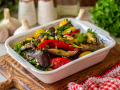 В моем аэрогриле перец был готов через 18 минут, в процессе запекания я его не переворачивала. Вы же ориентируйтесь на внешний вид вашего перца и особенности аэрогриля. При необходимости переверните его один-два раза и увеличьте время приготовления.
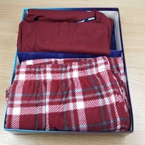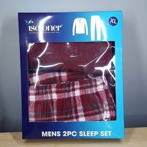 ISOTONER Sleepwear Mens XL Red Plaid Pajama Set PJs Fleece Bottom Henley Shirt
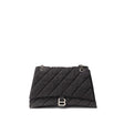 Crush Medium Denim Shoulder Bag. In black denim, iconic and slightly curved structured shape, chain shoulder strap and metal logo on the front. Covered snap button closure, two internal compartments and zip pocket
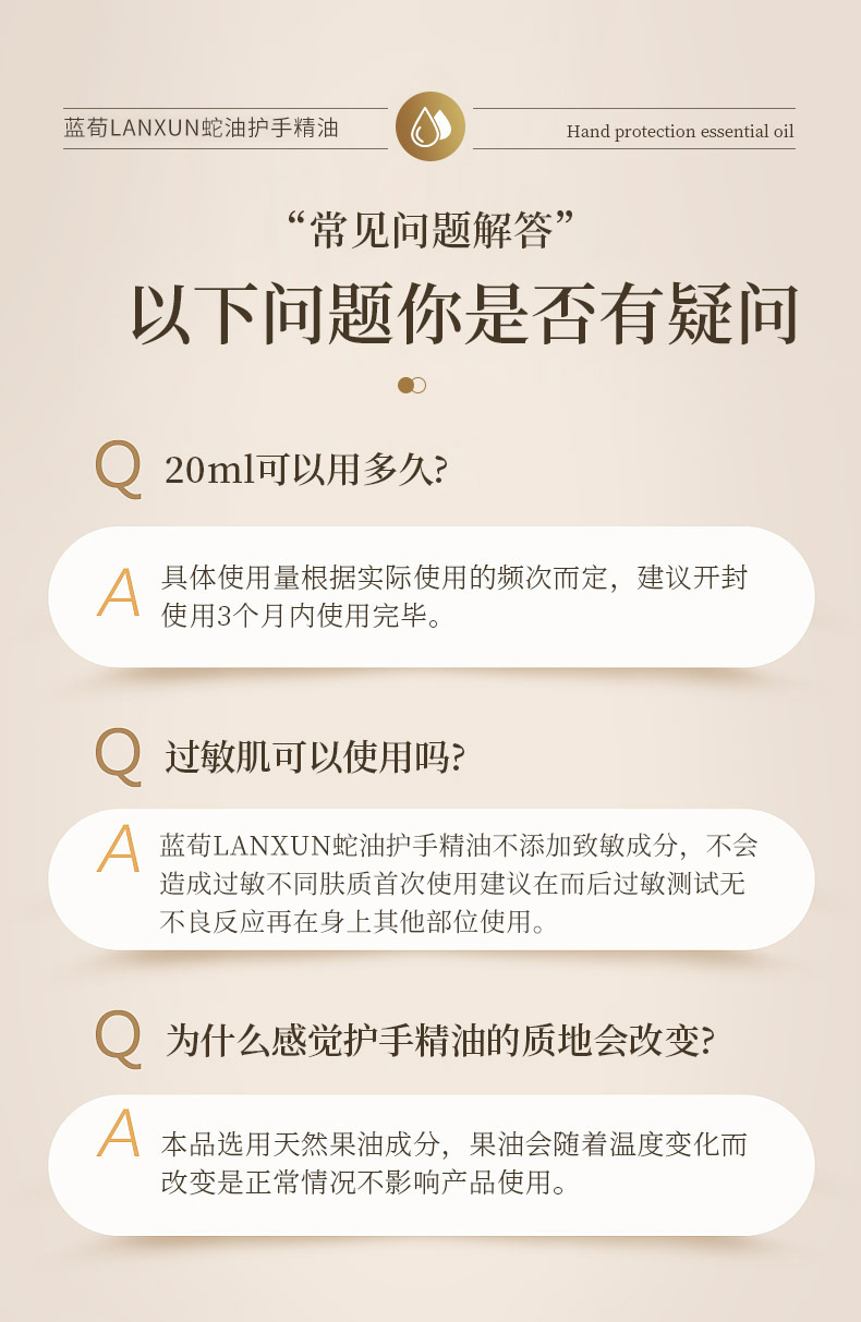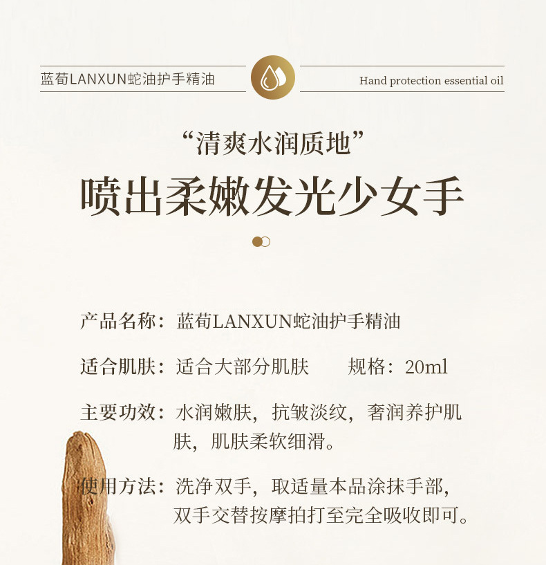 【水润嫩滑双手!手部护理精油】清爽不黏腻蛇油护手精油秋冬皮肤防干裂补水滋润保湿护足霜护手霜

· · ·

- **What this task involves**
When you find the line that contains "Crush Medium Denim", retype it and every line after it through the end of the data above, exactly, with no pictures.

- **Response area**
 Crush Medium Denim Shoulder Bag. In black denim, iconic and slightly curved structured shape, chain shoulder strap and metal logo on the front. Covered snap button closure, two internal compartments and zip pocket
 【水润嫩滑双手!手部护理精油】清爽不黏腻蛇油护手精油秋冬皮肤防干裂补水滋润保湿护足霜护手霜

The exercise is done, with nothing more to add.